**The data:**

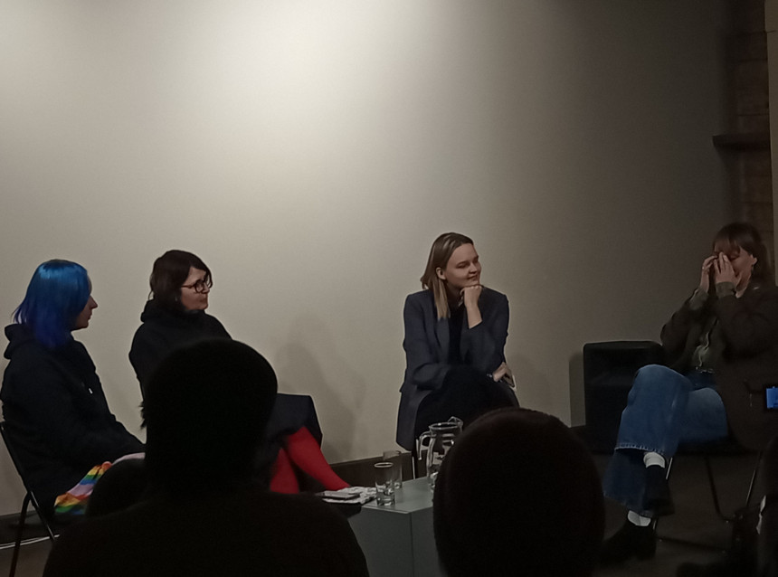Publiski diskutēja četras autores (attēlā no kreisās): Katrīna Rudzīte, Anna Auziņa, Agnese Radziņa, Agnese Krivade, kuras savos tekstos bieži pievēršas tēmām, kādas spēj aizsākt vienīgi sievietes, taču neziņoja par gadījumiem, kad feministiska pieeja Latvijā būtu tikusi bremzēta. Tāpat “kvīrbūšana” netika daudz apspriesta, jo šī tēma pati par sevi plašai sabiedrībai nav interesanta un saistoša. “Nenormatīvie ķermeņi” tā arī palika vien pasākuma aprakstā, jo Latvijā nevienam taču nav ienācis prātā jebkādos normatīvajos aktos noteikt, kādiem vajadzētu būt vai nebūt ķermeņiem. Migrācijas tēmai turpretī mūsu apstākļos ir pievērsta ievērojama sabiedrības uzmanība — pirmkārt jau no publiskās dienaskārtības nepazūd palīdzība ukraiņu bēgļiem, savukārt nelegālā migrācija tiek apspriesta plaši un daudzveidīgi. Kas bija domāts ar “eiblismu” un tā “kritiku”, tā arī palika noslēpumā tīts: acīmredzot šie nav plaši izplatīti jēdzieni, ko parāda fakts, ka tiem nav atrasti latviskie līdzinieki.
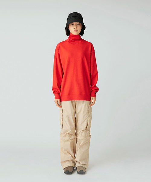 きれいめのスタイリングからアウトドアまで。多彩なシーンで着回し可能な実力派ニット。ゆったりとしたリラックスシルエットで、肩の力が抜けた着こなしを叶えてくれるタートルネックニット。衿元をくしゅっとさせることができる、オフタートル風のデザインも特徴的です。オフショルダーのディテールやリラックスフィットのシルエットが、トレンド感を演出してくれる1着です。肩部分は、肌あたりを軽減させるため特殊なリンキング加工を施しました。飽きのこないシンプルな無地で、トラウザーズと合わせたキレイめのスタイリングから「TAKIBI」シリーズのトップスと合わせたアウトドアスタイルまで、幅広く着回しが可能。折り返し仕様の袖口はサムホール付きで、グローブを着用しなくても手の甲部分まで温めてくれます。
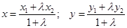 2. Координаты точки, делящей отрезок в заданном отношении:

**Requirement:**
Leaving images out, please output every line of the data exactly.

**Solution for this task:**
Publiski diskutēja četras autores (attēlā no kreisās): Katrīna Rudzīte, Anna Auziņa, Agnese Radziņa, Agnese Krivade, kuras savos tekstos bieži pievēršas tēmām, kādas spēj aizsākt vienīgi sievietes, taču neziņoja par gadījumiem, kad feministiska pieeja Latvijā būtu tikusi bremzēta. Tāpat “kvīrbūšana” netika daudz apspriesta, jo šī tēma pati par sevi plašai sabiedrībai nav interesanta un saistoša. “Nenormatīvie ķermeņi” tā arī palika vien pasākuma aprakstā, jo Latvijā nevienam taču nav ienācis prātā jebkādos normatīvajos aktos noteikt, kādiem vajadzētu būt vai nebūt ķermeņiem. Migrācijas tēmai turpretī mūsu apstākļos ir pievērsta ievērojama sabiedrības uzmanība — pirmkārt jau no publiskās dienaskārtības nepazūd palīdzība ukraiņu bēgļiem, savukārt nelegālā migrācija tiek apspriesta plaši un daudzveidīgi. Kas bija domāts ar “eiblismu” un tā “kritiku”, tā arī palika noslēpumā tīts: acīmredzot šie nav plaši izplatīti jēdzieni, ko parāda fakts, ka tiem nav atrasti latviskie līdzinieki.
 きれいめのスタイリングからアウトドアまで。多彩なシーンで着回し可能な実力派ニット。ゆったりとしたリラックスシルエットで、肩の力が抜けた着こなしを叶えてくれるタートルネックニット。衿元をくしゅっとさせることができる、オフタートル風のデザインも特徴的です。オフショルダーのディテールやリラックスフィットのシルエットが、トレンド感を演出してくれる1着です。肩部分は、肌あたりを軽減させるため特殊なリンキング加工を施しました。飽きのこないシンプルな無地で、トラウザーズと合わせたキレイめのスタイリングから「TAKIBI」シリーズのトップスと合わせたアウトドアスタイルまで、幅広く着回しが可能。折り返し仕様の袖口はサムホール付きで、グローブを着用しなくても手の甲部分まで温めてくれます。
 2. Координаты точки, делящей отрезок в заданном отношении:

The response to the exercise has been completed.